If you’re anything like me, it took guts to acknowledge your dream to write, and then a whole truckful more to keep writing despite everything. By the time you think you are nearing the end of a project, you begin to doubt, your nerves start crowding back in, and you just want the whole business over with. So maybe that climax feels a little rushed or perhaps the last paragraph of the query could use some sprucing. You turn a blind eye to it all because you think you can’t wait any longer. You can almost taste the closure.
But you can’t rush the process. There are no shortcuts, just missed opportunities. Competition is fierce and the odds are against you in a shrinking marketplace. If you are like me, you want to see your name in print before print goes the way of the dinosaurs. With each day that passes, it seems like there are more and more reasons to hurry up and get your writing out there. But there are a number of reasons to slow down… to act instead of always reacting. Why settle for half-baked plots or underdeveloped characters that are mere shadows of what you envisioned? Or risk of introducing errors into your work that belie your abilities? A modicum of patience can go a long way.

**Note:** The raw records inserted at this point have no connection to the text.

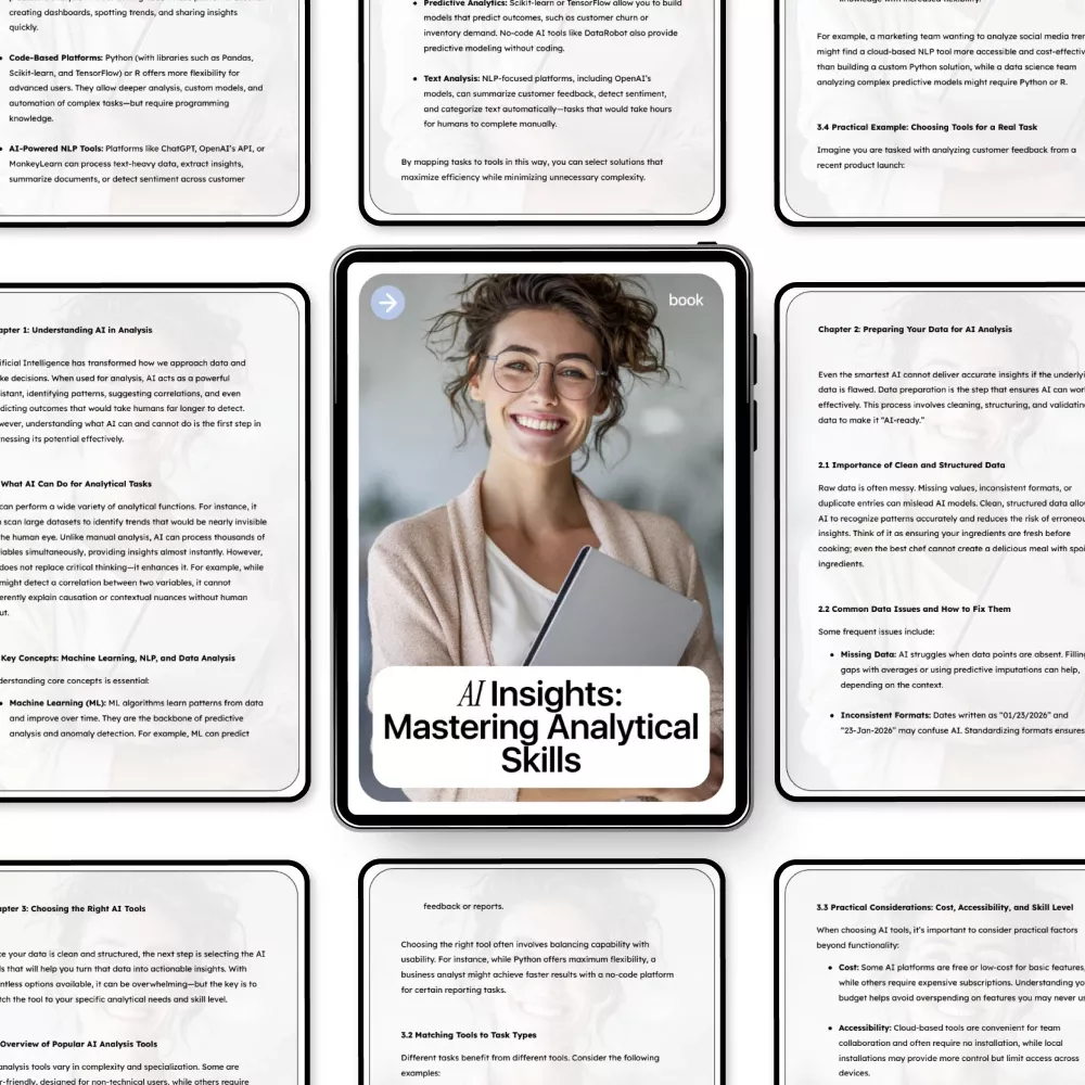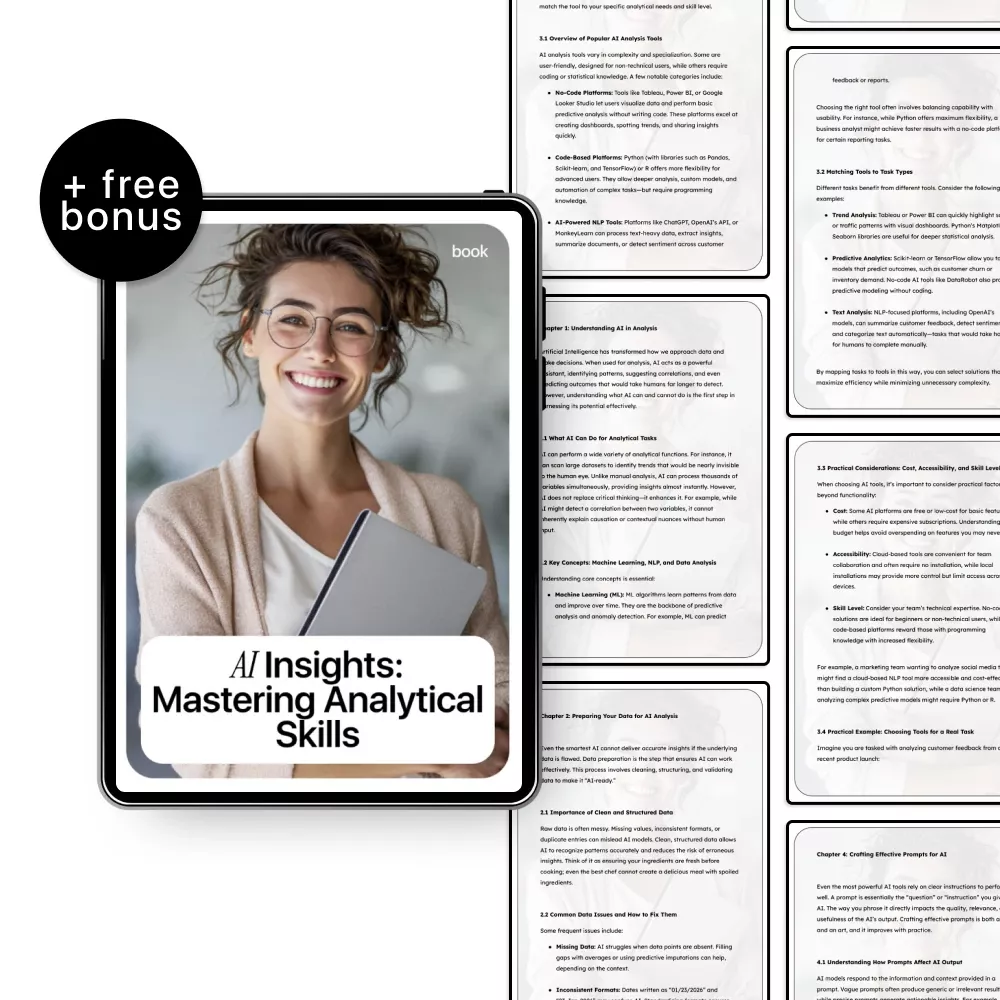 Unlike generic AI guides, AI Insights: Mastering Analytical Skills focuses on thinking clearly with AI, not blindly trusting it. You’ll learn how to question outputs, refine prompts, and apply context—skills that separate effective analysts from casual tool users. The included practical examples make the lessons immediately usable.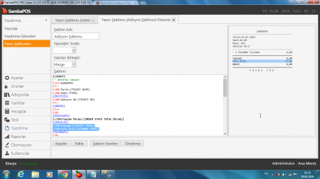Başka bir bilgisayara sıfırdan sambapos'u yükledim. Proğramda hiçbir düzenleme yapmadım. Yazıcı Şablonunda sadece sizin dediğiniz değişikliği (yukarıdaki resimlerde görüldüğü gibi) yaptıktan sonra, Adisyon Yazdırdım. Sonuç yine aynı. :(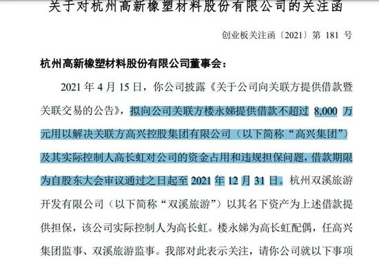 4月15日,杭州高新披露公告,拟向公司关联方楼永娣提供借款不超过8000万元,用以解决关联方高兴控股集团有限公司(以下简称“高兴集团”)及其实控人高长虹对公司的资金占用和违规担保问题。杭州双溪旅游开发有限公司(以下简称“双溪旅游”)以其名下资产为上述借款提供担保。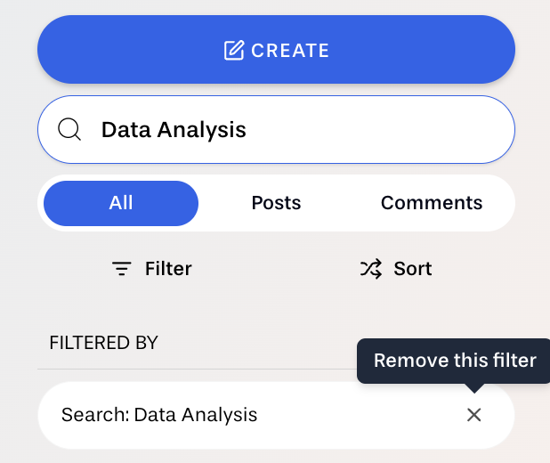 Search for Content by keyword. This will return all Posts and Comments where the keyword appears in the title or body. To clear the search filter, click the x next to the corresponding filter box.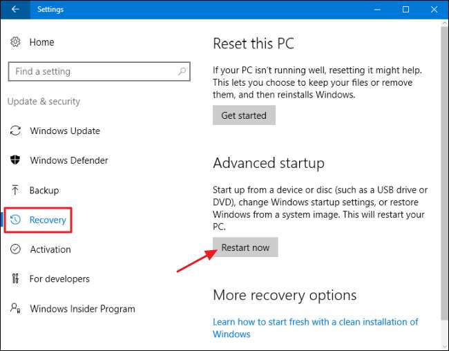 Sous Windows 8 et 10, le options de démarrage avancées fonctionnent un peu différemment, mais ils sont toujours là. Si Windows ne peut pas se charger normalement, vous verrez automatiquement ces options de démarrage. Pour y accéder autrement, allez dans Paramètres> Mise à jour et sécurité> Récupération> Démarrage avancé et cliquez sur «Redémarrer maintenant». Vous pouvez également maintenir la touche Maj enfoncée lorsque vous cliquez sur Redémarrer dans le menu Démarrer.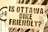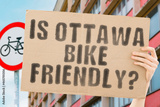 The question " Is Ottawa bike friendly? " on a banner in men's hand with blurred background. Transportation. Zero waste. Bicycle lane. Streets. City. Safety. Insecure. Road signs. Dangerous

I’m not saying it’s easy. Like any virtue, patience is hard to practice on a regular basis, especially in our instant gratification society. I am constantly having to slam on the metaphorical breaks because even though I want desperately to be ready, my work probably isn’t there yet. I wage a war with complacency in my writing every day. The laziness that can creep in because I think the writing’s good enough – maybe not great, maybe not perfect – but good enough to get published. To counteract this pitfall, I force myself to think of the most insanely talented, artistic, learned person imaginable and tell myself that’s my competition every time I think I’m ready to submit something. That should be enough to give anyone pause.
What can be so frustrating about the writing process is I can apply all the things I’ve learned – have a compelling plot, interesting characters, perfect and varied sentences – and my work can still seem unfinished in some way. What then? As heartbreaking as it can be to admit this, it may signal a mismatch between my creative intentions and my current abilities as a writer. The good news is I have a piece with potential. The bad news is only time and practice will help me translate what’s in my head into what the piece should be.
In other words, I need to be patient. Let my craft develop naturally without worrying about the mad rush to the finish line. That can be a tough pill to swallow for an unpublished writer like me with stars in their eyes. But I think I’d rather give myself the time to make my own discoveries rather than shortchange my work chasing shortcuts. Good things come to those who wait, right? I’m counting on it.